I feel like I should apologize. There are a million apologies I could list out for which you’d be more than deserving.
Like the times you’ve had to sit through countless office visits trying to read or play quietly so your brother could get what he needed from his specialist, therapist, or doctor.
Or all of the times you’ve been caught in the firestorm of times when he struggles to articulate his feelings and it comes out as hurling insults, books, or even fists or feet.
And I’ll never forget the time we were asked to leave the grocery store, not even having made it past the produce section, because of a meltdown he was having that was so unbelievably epic that employees and shoppers came running to our cart by the bananas.

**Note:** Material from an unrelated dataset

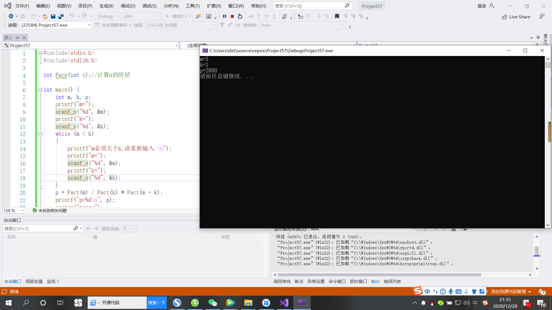 1.编写函数 fact(int n) 实现求 n!,在主函数中输入 m 和 n,调用 fact( )函数求 的值。
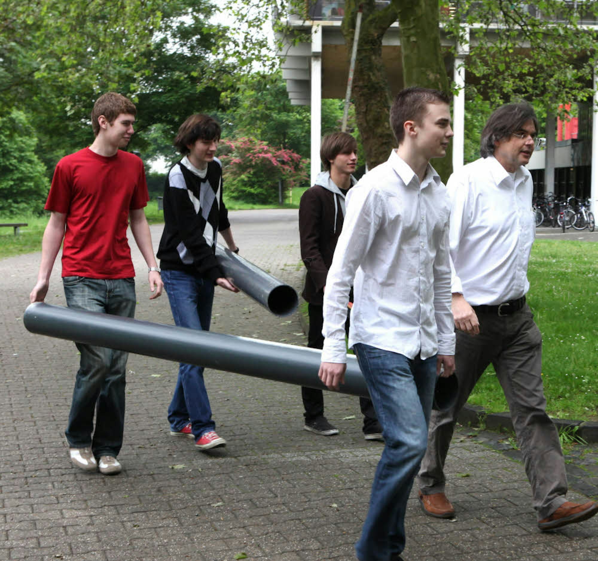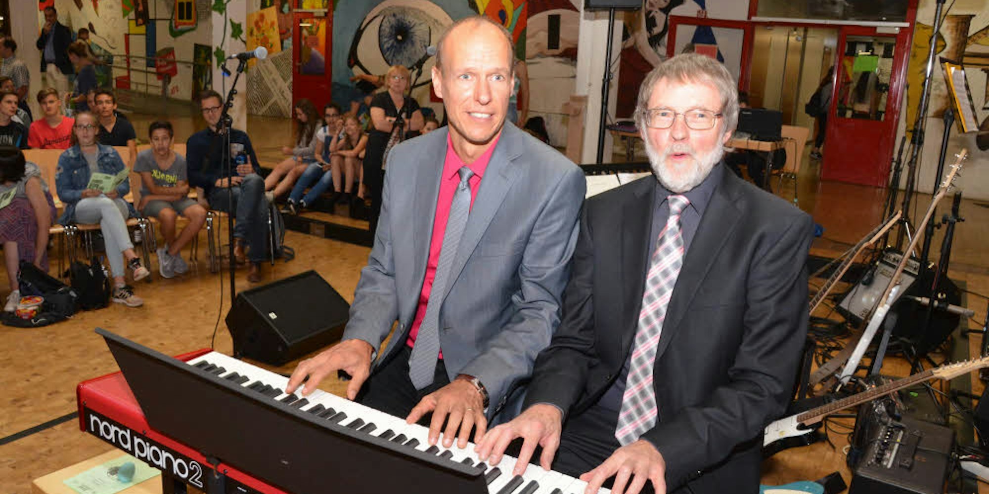 In den Ruhestand geht auch Kunsterzieher Willi Krings (r.), hier bei einer früheren Kunstaktion mit den Schülern.

Or when we tried for two days to go see the Christmas lights but your brother just couldn’t make it without so many behaviors it almost brought me to my knees. I LOVE holiday traditions and I cried when we couldn’t go. And then, it was you crying tears of disappointment.
But I know you aren’t sorry. Although you aren’t mature enough to fully understand yet, your fearlessness and unwavering concern for your big brother no matter what is going on is a beautiful illustration of your love for him.
You have kindness well beyond your years, sweet daughter.
I know you are proud to be his little sister and I know you, too, will fiercely protect and advocate for him and other kids like him.
You are strong and wise, mighty girl.
I know all big brothers can be stinky nerds sometimes, but the extra challenges your brother faces don’t phase you. You are unafraid and unaffected by his differences. In fact, you look up to him and you WANT to be in his corner cheering him on and being his teammate.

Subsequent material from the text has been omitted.